TJA spokeswoman Ayşe Gökkan, who was imprisoned in Turkey, explained at the trial in Nusaybin that she was charged because she was Kurdish.
The first hearing in the newly reopened trial against the Kurdish politician Ayşe Gökkan took place in Nusaybin (Nisêbîn) on Friday. The spokesperson for the Movement of Free Women (Tevgera Jinên Azad, TJA) and former mayor of Nusaybin is a political prisoner in Sincan prison and has already been sentenced to decades in jail in several trials.
Gökkan was connected via video broadcast from Sincan and said in the hearing that 300 criminal cases had been initiated against her in the 65 days of her official term as mayor of Nusaybin. Gökkan is under trial because of her resistance to the construction of a wall on the Turkish-Syrian border in 2013.

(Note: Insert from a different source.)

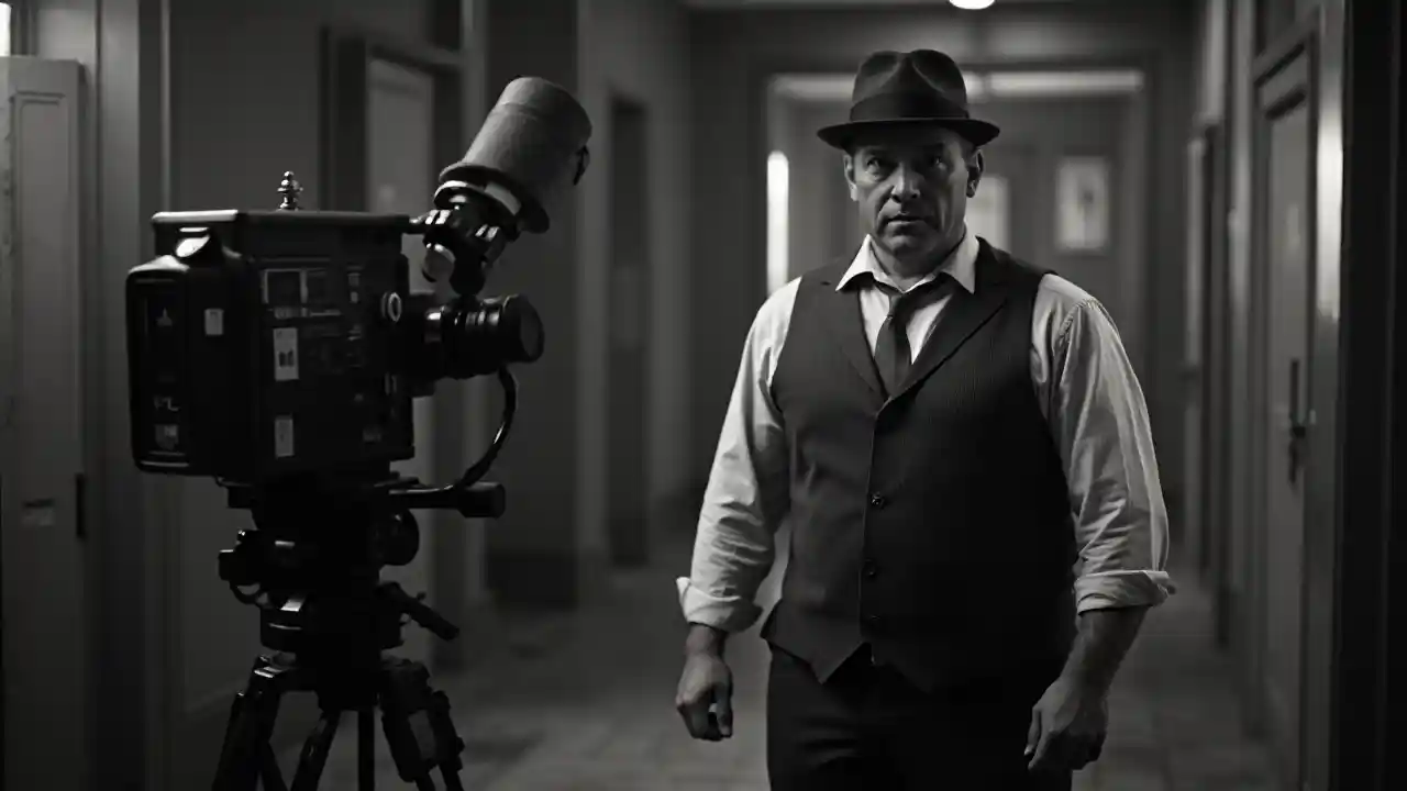 Ο Στίβεν Γκράχαμ, φορώντας μια καπέλα, καθαρά ξυρισμένος, ντυμένος με γιλέκο και παντελόνια, στέκεται δίπλα σε μια 35mm κινηματογραφική κάμερα σε ένα κινηματογραφικό, 1940 ταινία noir, σοβαρή εμφάνιση,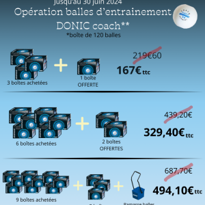 Opération balles d’entrainement Donic coach ** valable jusqu’au 30 juin 2024

In court, Ayşe Gökkan said she refused to pay for an interpreter when she spoke in her native language, Kurdish. Regarding the accusation that she damaged a wire fence at the border, the politician referred to international agreements and said: "At that time, all state authorities committed crimes, only my action was not a crime."
Threats by soldiers
During her vigil against the planned construction of a wall on the border between Nusaybin and Qamişlo, Gökkan reported that she was exposed to threats and sexual violence. “It is always said that soldiers are people with honor and decency. However, a soldier played with his penis in front of me. They really were that dishonourable.” The proceedings initiated after their criminal complaint were discontinued after two months. The reason for the discontinuation was: "Our soldiers don’t do anything like that."
"No one can stop my resistance"
Gökkan continued: "I have not harmed anyone, nor the public conscience and morals. They throw people out of helicopters and bomb places. I have never caused such harm to anyone. Why am I blamed and not them? They send mothers the bodies of their children in plastic boxes, they destroy cemeteries. I didn’t do that. I am accused because I am a Kurd, a woman from Kurdistan. But I will continue to fight in prison. Nobody can stop my resistance. Long live the resistance in prisons! I will not defend myself because I have not committed any crime."
Trial adjourned to 22 December
Ayşe Gökkan's lawyers requested her acquittal. The hearing was adjourned to 22 December. When the trial observers tried to make a statement in front of the courthouse after the hearing, they were surrounded by the police.